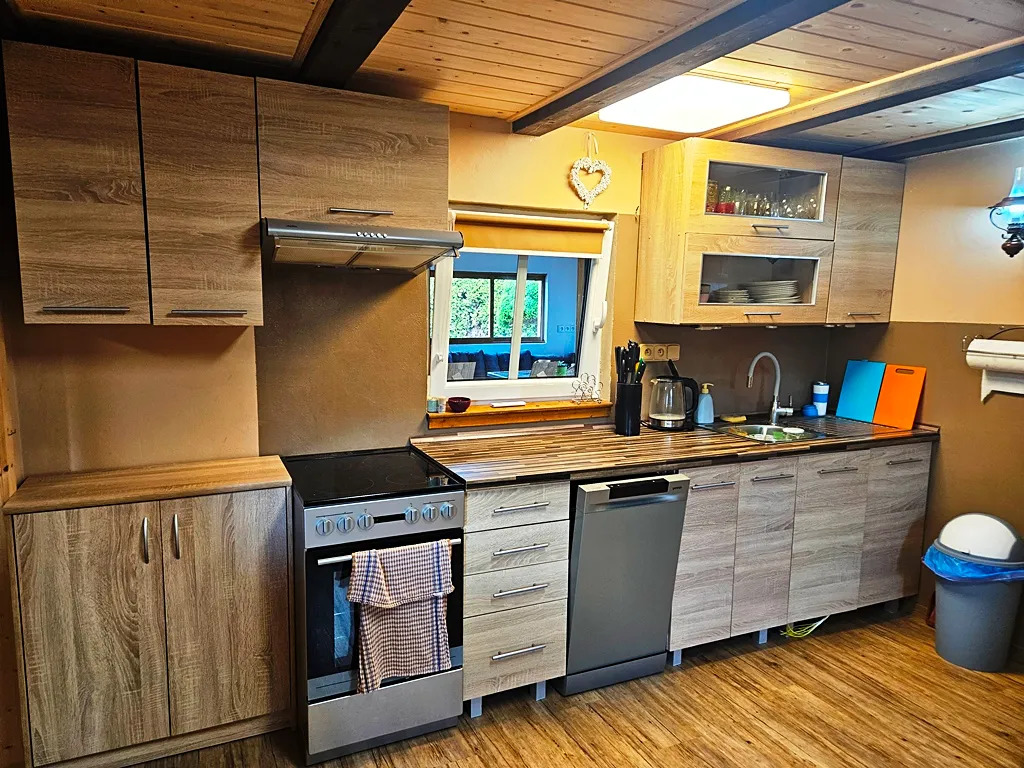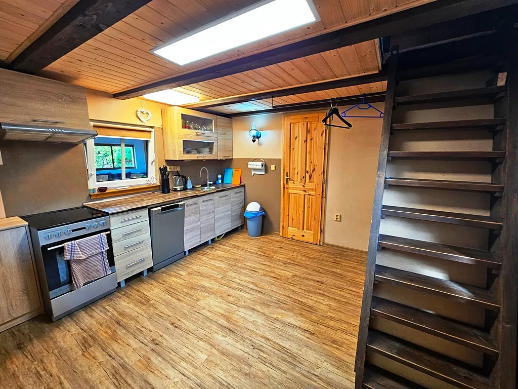 Po vstupu do chaty vstoupíme na verandu, v levé části je samostatná, prostorná místnost, rovně se dostaneme do kuchyně s obývacím pokojem. Vlevo je koupelna se sprchovým koutem a toaletou, vpravo prostor pro spaní. Z kuchyně vede schodiště do podkroví. V domě je klimatizační jednotka, která slouží i pro vytápění.
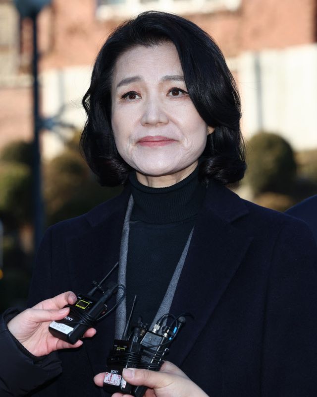 헌법재판소에서 탄핵소추안이 기각되면서 직무에 복귀하게 된 이진숙 방통위원장이 23일 오전 서울 종로구 헌법재판소에서 열린 방통위원장 탄핵심판 청구 사건 선고를 마친 뒤 대심판정을 나와 취재진 질문에 답하고 있다.(사진=연합뉴스 제공)
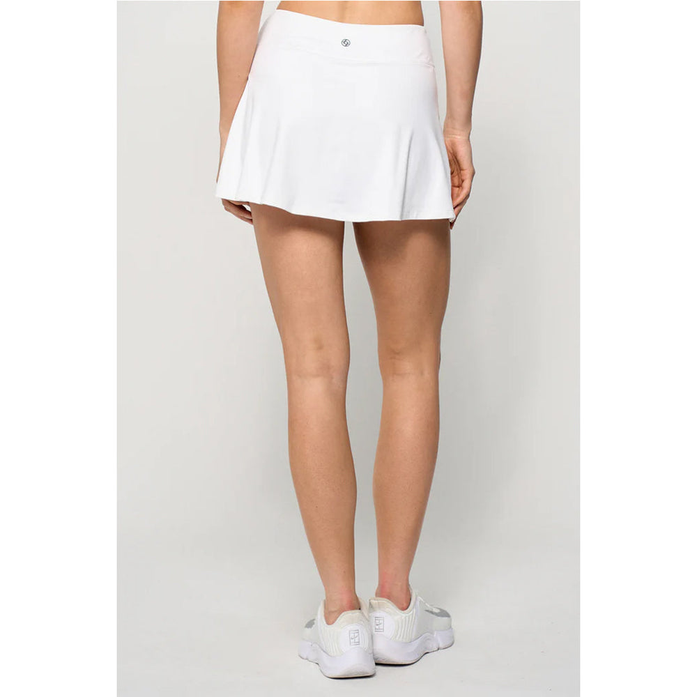 This contemporary and sleek design makes for a stylish skirt, in crisp white and blues. This modern A-line skirt combines athletic flair with sleek design. It features an angled seam accented by striped rib detail and a front left leg slit for added movement and style. Laser-cut perforated fabric at the shoulders enhances breathability, while the 13" length and body-skimming fit create a flattering, performance-ready silhouette.

WHAT IS NEEDED: Please copy the data above exactly, omitting the pictures.

TASK SOLUTION:
 Po vstupu do chaty vstoupíme na verandu, v levé části je samostatná, prostorná místnost, rovně se dostaneme do kuchyně s obývacím pokojem. Vlevo je koupelna se sprchovým koutem a toaletou, vpravo prostor pro spaní. Z kuchyně vede schodiště do podkroví. V domě je klimatizační jednotka, která slouží i pro vytápění.
 헌법재판소에서 탄핵소추안이 기각되면서 직무에 복귀하게 된 이진숙 방통위원장이 23일 오전 서울 종로구 헌법재판소에서 열린 방통위원장 탄핵심판 청구 사건 선고를 마친 뒤 대심판정을 나와 취재진 질문에 답하고 있다.(사진=연합뉴스 제공)
 This contemporary and sleek design makes for a stylish skirt, in crisp white and blues. This modern A-line skirt combines athletic flair with sleek design. It features an angled seam accented by striped rib detail and a front left leg slit for added movement and style. Laser-cut perforated fabric at the shoulders enhances breathability, while the 13" length and body-skimming fit create a flattering, performance-ready silhouette.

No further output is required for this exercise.